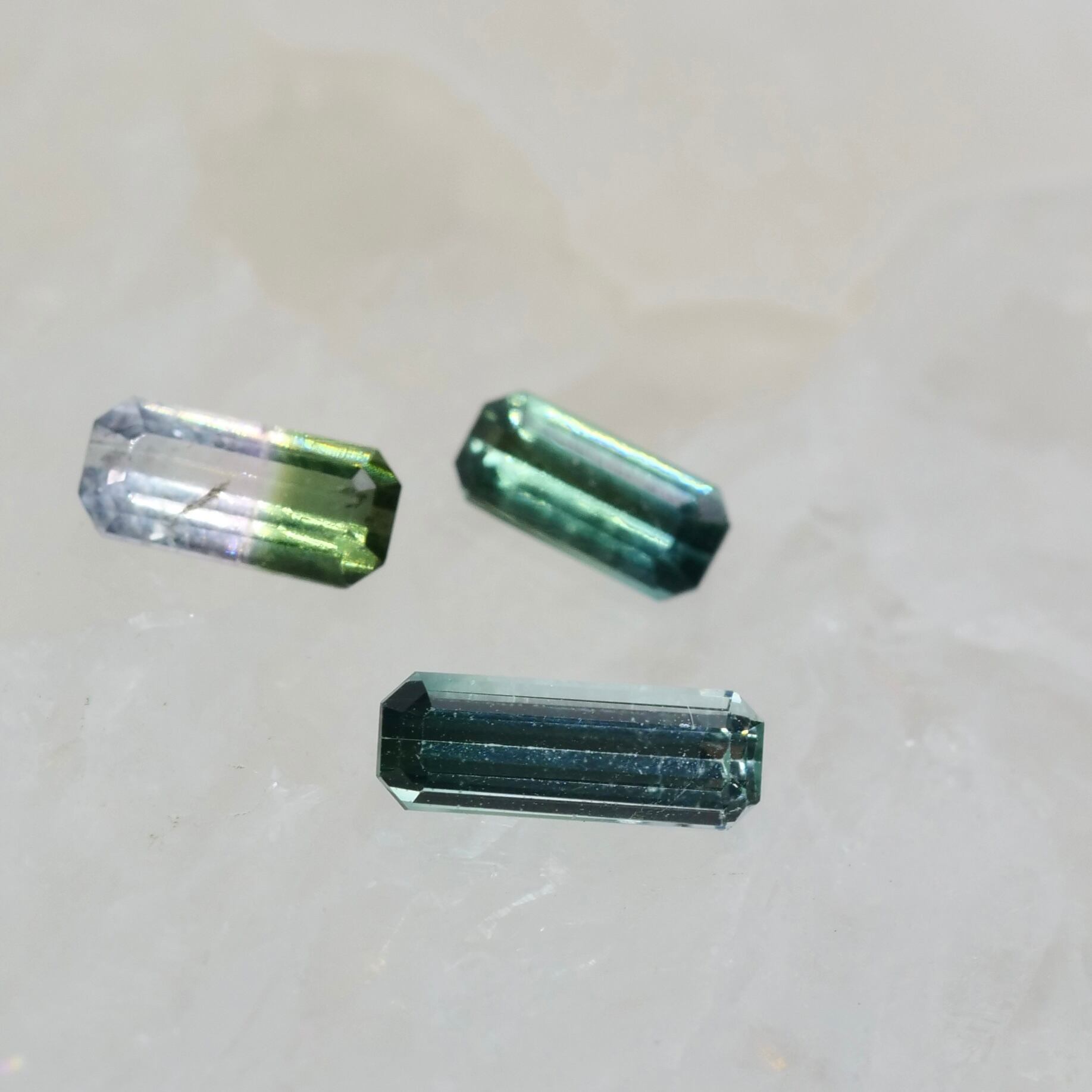 全体を占める鮮やかなブルーグリーンにネオンブルーのアクセントが入ったボディが目を惹く、エメラルドカットのバイカラートルマリンです。
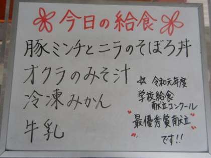 今日の献立は、令和元年度の学校給食献立コンクールで最優秀賞を受賞した献立です。
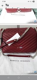 Borsa nuova Rebecca Minkoff vera pelle bordeaux lavorazione Chevron con catena
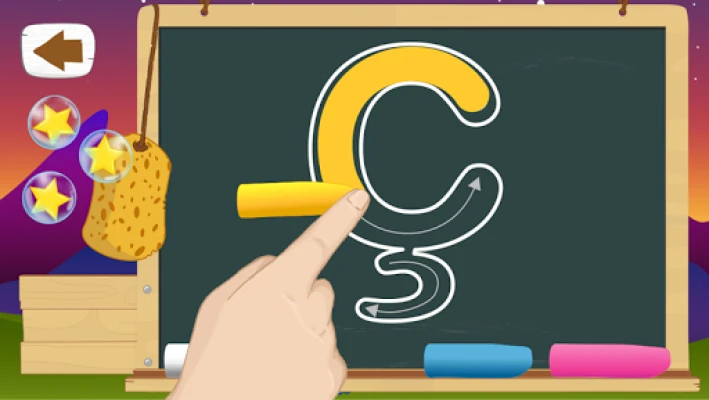 Ana özellikleri: - Farklı dört renkle tahtada yazmak, harf düzgün yazılırsa maksimum 3 yıldıza kadar kazanmak, yanlışsa silgi kullanabilir.
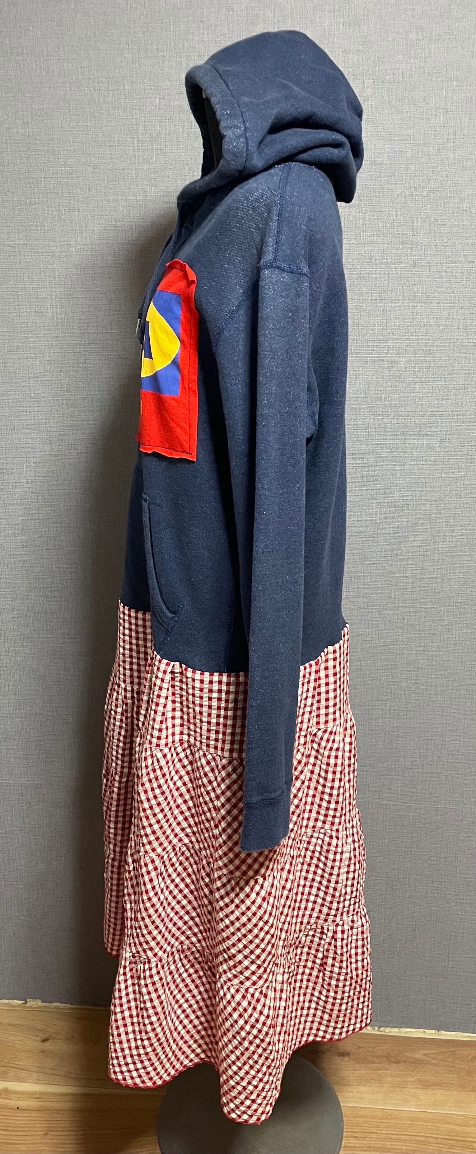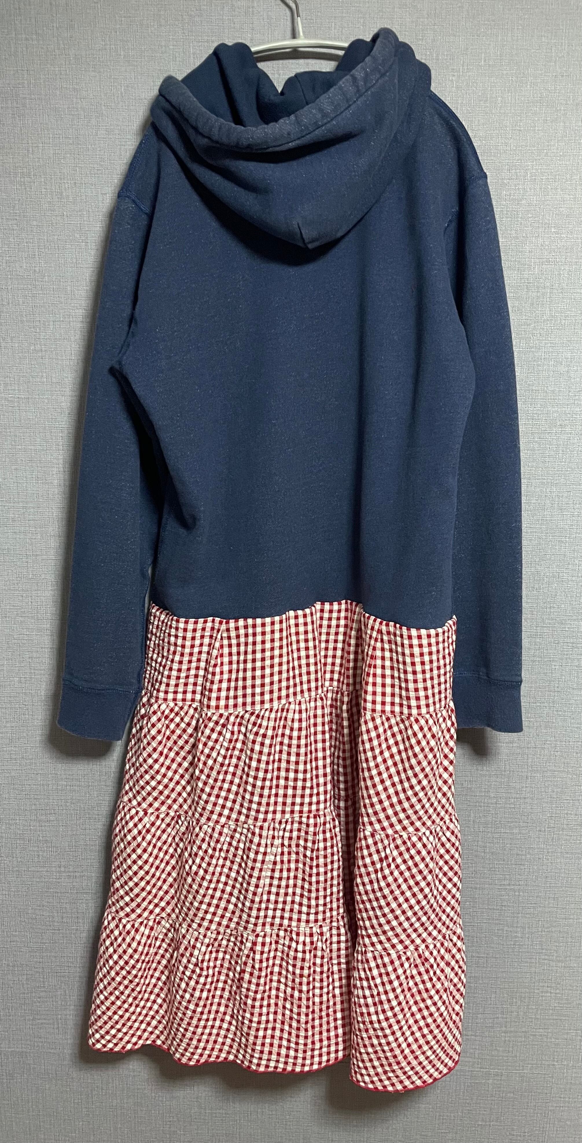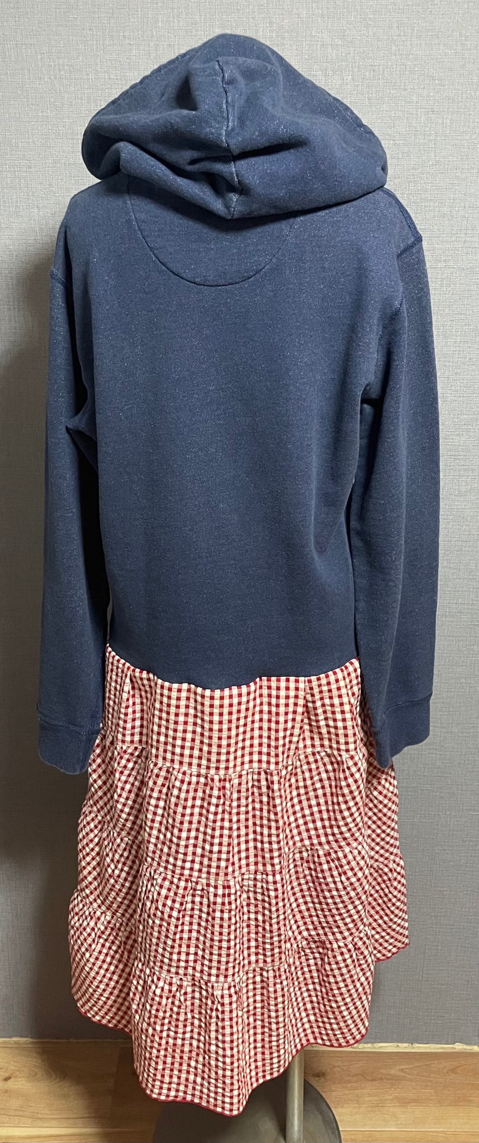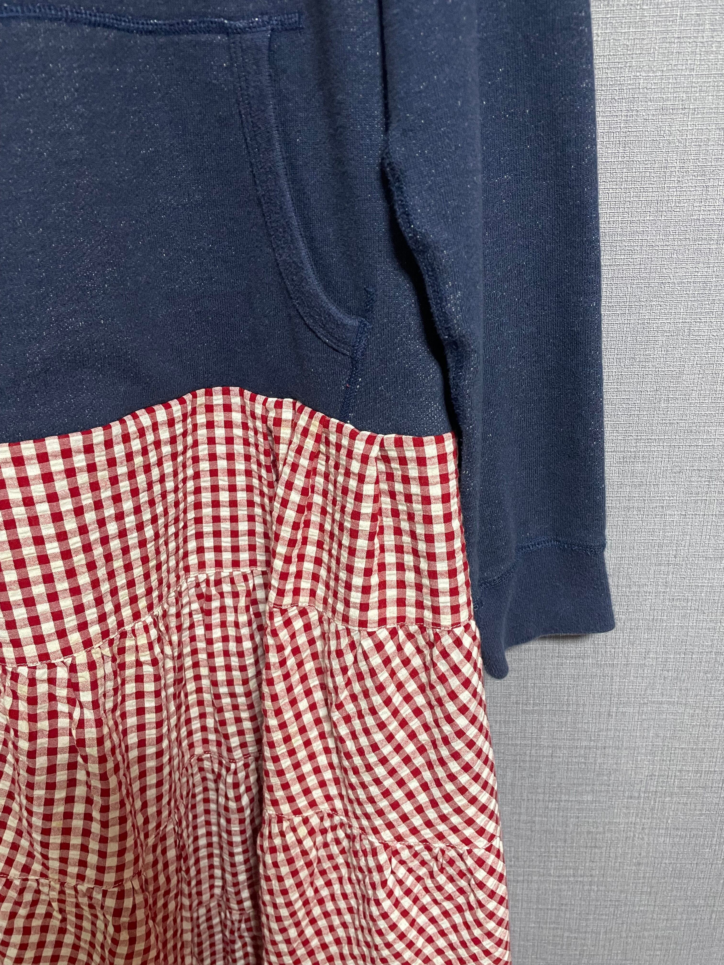 ネイビーパーカーにかわいいマークを縫いつけ、ギンガムチェックのスカートを合わせています♬
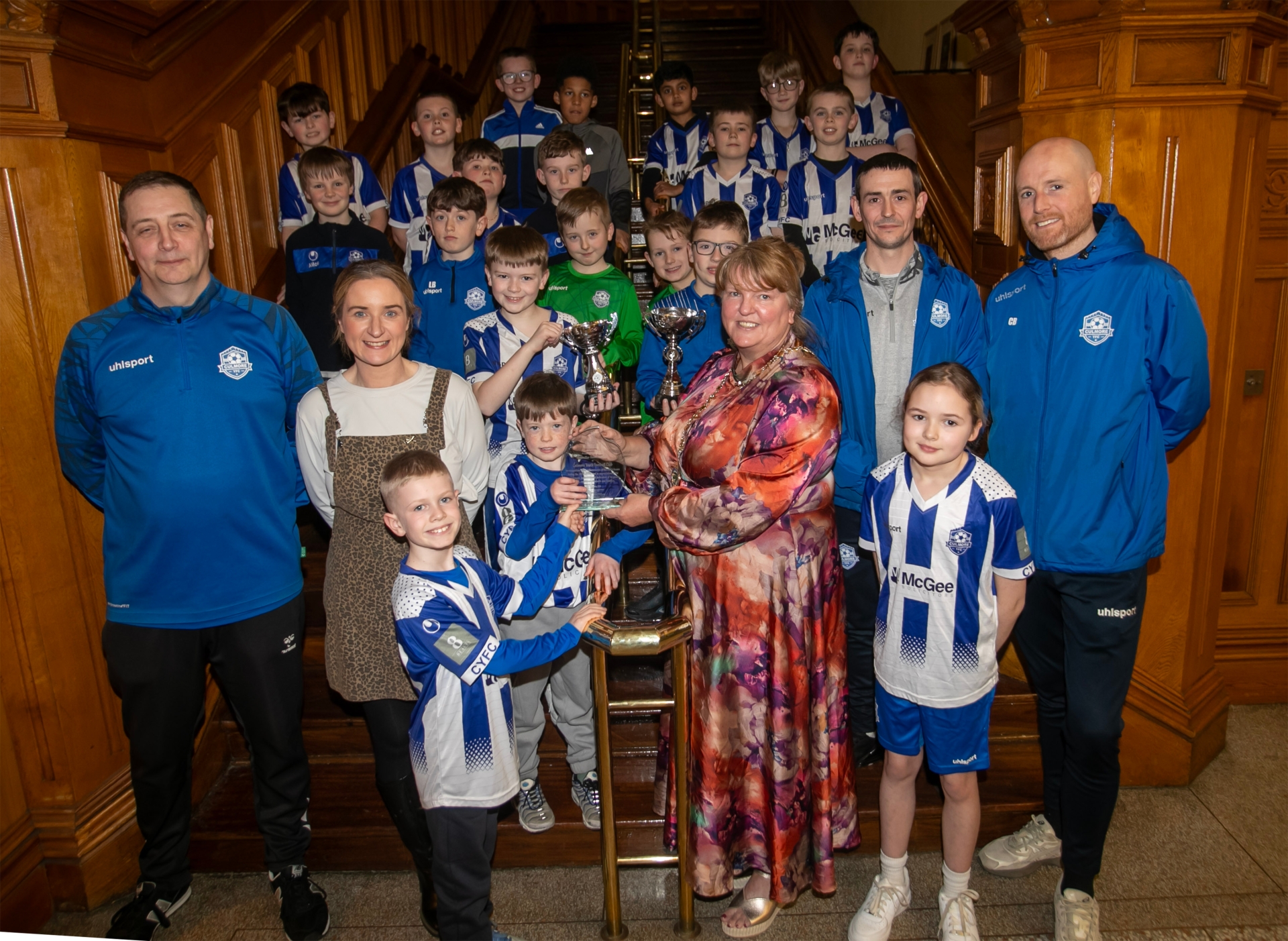 The. Deputy Mayor, Niree McMorris pictured with the 2016 combined teams of Culmore Youths FC and their coaches on Tuesday evening at the Guildhall, Derry.
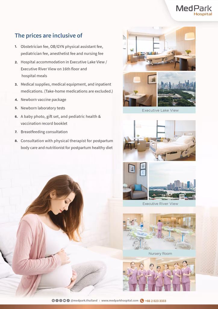 - 通常分娩パッケージにおいて無痛分娩(硬膜外麻酔または脊椎麻酔)を希望される場合は、パッケージ料金に20,000バーツの追加料金が発生します。

------------------------------------

Problem statement.
Before copying the material, set its pictures aside; then transcribe it word for word.

Written solution.
 全体を占める鮮やかなブルーグリーンにネオンブルーのアクセントが入ったボディが目を惹く、エメラルドカットのバイカラートルマリンです。
 今日の献立は、令和元年度の学校給食献立コンクールで最優秀賞を受賞した献立です。
 Borsa nuova Rebecca Minkoff vera pelle bordeaux lavorazione Chevron con catena
 Ana özellikleri: - Farklı dört renkle tahtada yazmak, harf düzgün yazılırsa maksimum 3 yıldıza kadar kazanmak, yanlışsa silgi kullanabilir.
 ネイビーパーカーにかわいいマークを縫いつけ、ギンガムチェックのスカートを合わせています♬
 The. Deputy Mayor, Niree McMorris pictured with the 2016 combined teams of Culmore Youths FC and their coaches on Tuesday evening at the Guildhall, Derry.
 - 通常分娩パッケージにおいて無痛分娩(硬膜外麻酔または脊椎麻酔)を希望される場合は、パッケージ料金に20,000バーツの追加料金が発生します。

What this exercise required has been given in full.